4 minute read
Credit Where Due
Untangling Discrepancies
When billing disputes arise, there are six steps that can make the snarls disappear in an efficient manner. BY JOHN SLOAN
“When solving problems, dig at the roots instead of just hacking at the leaves.” – Anthony J. D’Angelo, The Collegiate EmPowerment Co.
The impact of billing discrepancies on collections departments can be significant. Not only can resolving disputes eat up a great deal of time, but the way they are handled can reflect on the reputations of those involved. So coming up with a plan to tackle them is crucial.
There are several factors that contribute to any one discrepancy problem. The individuals involved may or may not know how their actions can impact the overall process. The delivery of an ad flight’s schedule can be affected by factors beyond anyone’s control. For stations, this might include technical problems, breaking news, sporting event delays or programming overruns.
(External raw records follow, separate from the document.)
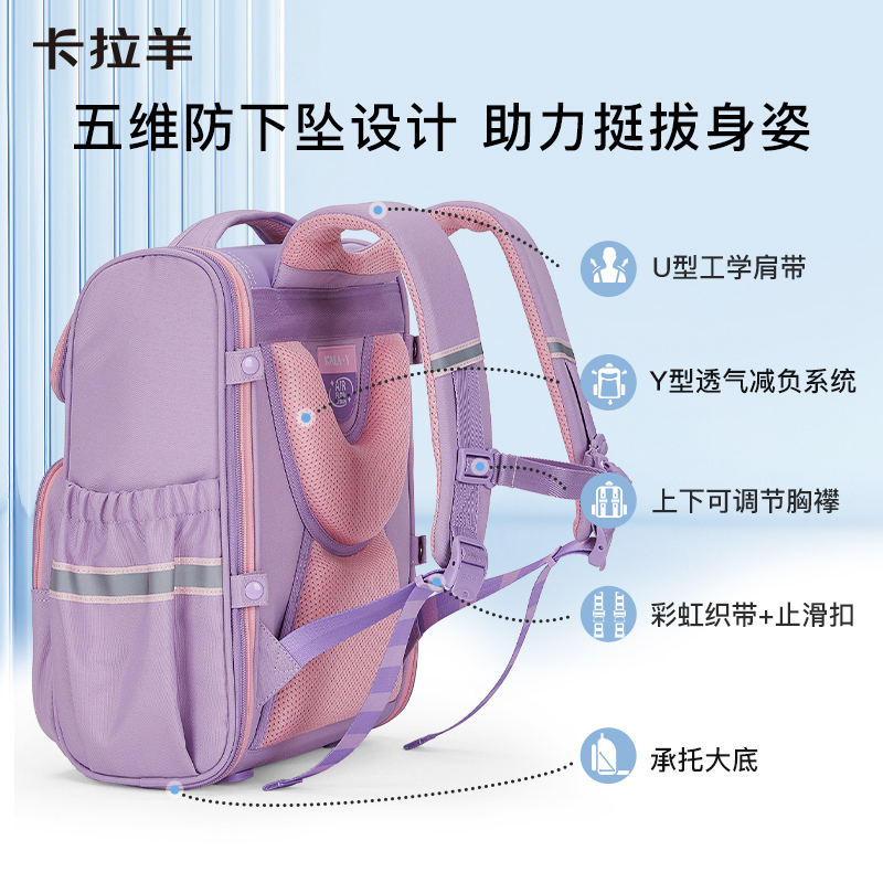 卡拉羊1-4-6年级小学生减负大嘴书包大容量防下坠双肩包男背包女
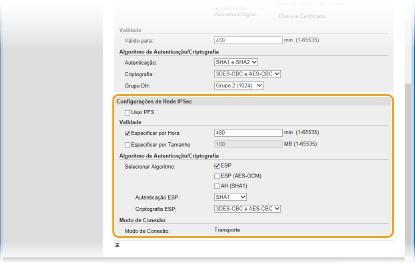 Para ativar a autenticação ESP, selecione [SHA1] para o algoritmo hash. Selecione [Não Usar] se você deseja desativar a autenticação ESP.
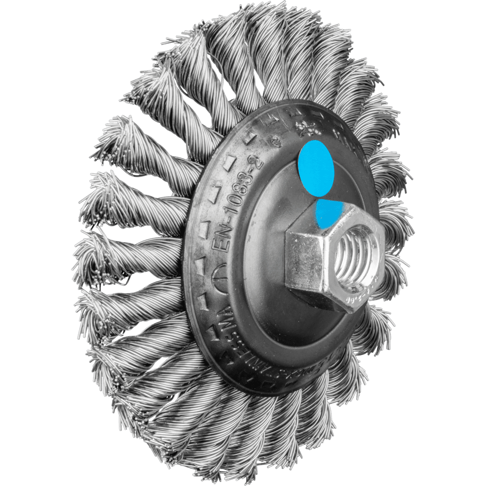 Aggressiv arbeitende Bürste. Hervorragend für schwere Bürstarbeiten wie Entgraten, Reinigen, Entrosten und Entzundern sowie zum Entfernen von Schweißspritzern geeignet. Um die besonderen Ansprüche bei der Bearbeitung von Edelstahl (INOX) zu erfüllen, verwendet PFERD TOOLS bei allen INOX-Bürsten die Drahtqualität 1.4310 (V2A). Praxiserfahrungen aus dem industriellen Umfeld bestätigen, dass sie eine sehr gute Korrosionsbeständigkeit bei optimaler Standzeit aufweist. Alle PFERD TOOLS Bürsten mit INOX-Besatz sind blau gekennzeichnet und für den Einsatz auf allen Edelstählen (INOX), wie z. B. V4A, geeignet. Die Drahtqualität 1.4310 neigt bei Kaltverfestigung zu ferromagnetischem Verhalten, das heißt, sie wird von Magneten angezogen.;Ursache hierfür ist eine Gefügeveränderung, die durch Verformung, z. B. während des Drahtziehens, hervorgerufen wird. Dies hat keinen Einfluss auf die Qualität und Korrosionsbeständigkeit des INOX-Besatzes. Er behält seine korrosionsbeständigen Eigenschaften. Edelstahldraht (INOX) hält Temperaturen bis 450 °C stand.

For buyers, any deviation from the original schedule requires a human to approve and make changes. Generally, ad agencies or advertisers are notified of alterations as they occur, but buyers do not always adjust the schedules in their systems. That creates mismatches that must be resolved after billing.
With the overall concentration of ad buying at just a few large ad agencies, unresolved billing issues can negatively impact days sales outstanding (DSO). Making matters worse, discrepancy resolution can be a low-priority function delegated to overworked assistant buyers.
The longer a discrepant invoice remains outstanding the more difficult it is to resolve, and the potential for a revenue adjustment increases. Salespeople and ad buyers may move to different accounts or take on different positions. Memories fade, and paperwork is lost or misplaced.
Credit personnel may have little control over the resolution process. But they need to provide prompt and effective problem resolution in the best ways possible. Here are some steps to consider:
First, make sure that you understand the entire order-to-cash process. It may be helpful to create a simple diagram or flowchart of all the steps. Determine how many people are involved and whether they know how their actions impact others in the process. Learn where the handoffs between departments occur, and whether the information provided is sufficient for the receiver.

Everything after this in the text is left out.